■ DATA RECORDS:
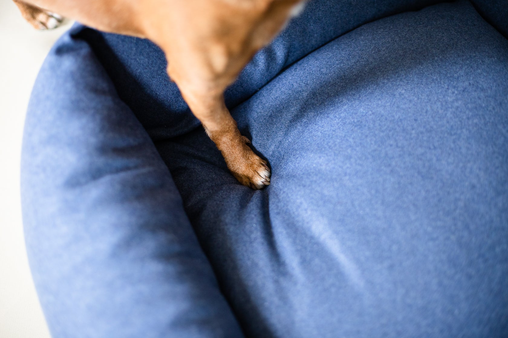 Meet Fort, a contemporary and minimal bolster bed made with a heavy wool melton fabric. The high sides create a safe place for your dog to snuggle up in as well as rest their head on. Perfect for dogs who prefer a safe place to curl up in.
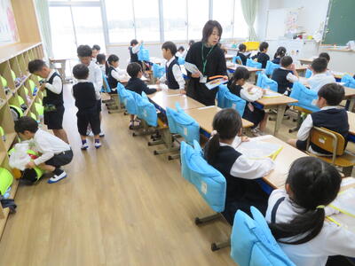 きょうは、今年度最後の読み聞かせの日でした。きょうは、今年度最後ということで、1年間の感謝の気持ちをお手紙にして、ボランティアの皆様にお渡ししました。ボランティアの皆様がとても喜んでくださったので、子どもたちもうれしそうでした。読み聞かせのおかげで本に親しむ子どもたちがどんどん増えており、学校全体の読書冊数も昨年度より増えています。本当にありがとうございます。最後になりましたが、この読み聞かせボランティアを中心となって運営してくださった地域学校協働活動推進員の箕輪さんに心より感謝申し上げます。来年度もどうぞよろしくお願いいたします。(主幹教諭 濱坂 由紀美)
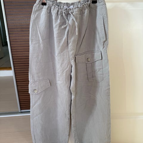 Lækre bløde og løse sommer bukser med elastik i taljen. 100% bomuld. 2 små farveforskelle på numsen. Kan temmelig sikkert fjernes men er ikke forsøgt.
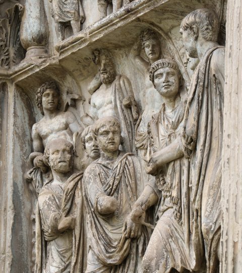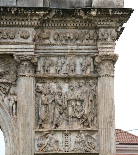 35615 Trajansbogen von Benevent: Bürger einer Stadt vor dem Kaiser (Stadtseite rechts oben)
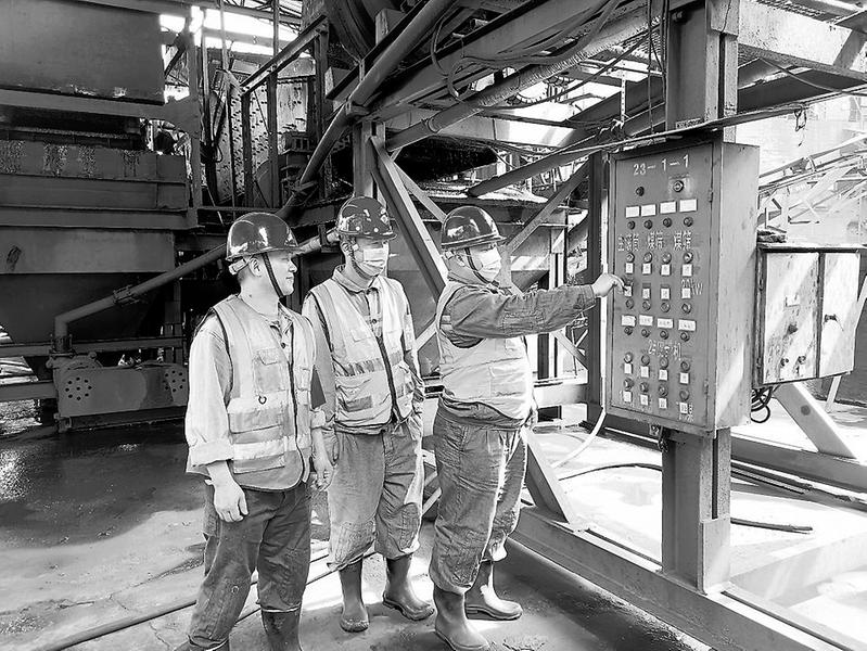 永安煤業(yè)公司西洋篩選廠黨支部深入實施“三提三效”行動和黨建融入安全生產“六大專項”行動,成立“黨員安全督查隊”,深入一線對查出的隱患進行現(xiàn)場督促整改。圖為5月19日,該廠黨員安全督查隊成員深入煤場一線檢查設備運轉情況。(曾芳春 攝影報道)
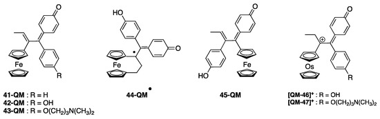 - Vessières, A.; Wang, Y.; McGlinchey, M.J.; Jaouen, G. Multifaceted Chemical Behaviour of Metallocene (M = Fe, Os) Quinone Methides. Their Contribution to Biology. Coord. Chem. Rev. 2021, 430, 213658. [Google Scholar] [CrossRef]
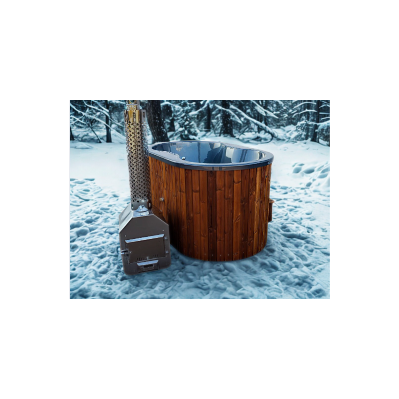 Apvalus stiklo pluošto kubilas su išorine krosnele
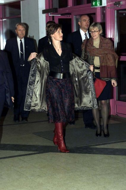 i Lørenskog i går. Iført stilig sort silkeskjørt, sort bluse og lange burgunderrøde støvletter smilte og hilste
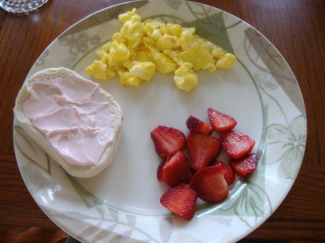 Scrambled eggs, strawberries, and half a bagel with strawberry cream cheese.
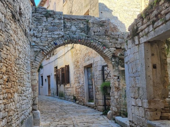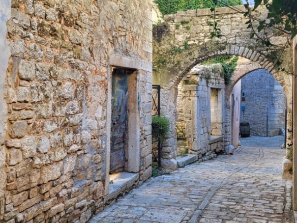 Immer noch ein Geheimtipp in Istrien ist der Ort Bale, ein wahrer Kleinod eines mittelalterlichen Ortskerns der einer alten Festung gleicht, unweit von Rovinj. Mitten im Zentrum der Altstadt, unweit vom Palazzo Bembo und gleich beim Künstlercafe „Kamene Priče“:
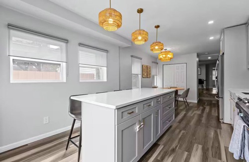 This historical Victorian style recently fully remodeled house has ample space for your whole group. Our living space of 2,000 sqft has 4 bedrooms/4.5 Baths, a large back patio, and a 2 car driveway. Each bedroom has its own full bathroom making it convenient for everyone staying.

■ TASK DIRECTIONS: Print, exactly, each line above from the one with "Apvalus stiklo pluošto" to the one with "Immer noch ein", end lines included. Leave pictures out of it.

■ RESULT:
 Apvalus stiklo pluošto kubilas su išorine krosnele
 i Lørenskog i går. Iført stilig sort silkeskjørt, sort bluse og lange burgunderrøde støvletter smilte og hilste
 Scrambled eggs, strawberries, and half a bagel with strawberry cream cheese.
 Immer noch ein Geheimtipp in Istrien ist der Ort Bale, ein wahrer Kleinod eines mittelalterlichen Ortskerns der einer alten Festung gleicht, unweit von Rovinj. Mitten im Zentrum der Altstadt, unweit vom Palazzo Bembo und gleich beim Künstlercafe „Kamene Priče“:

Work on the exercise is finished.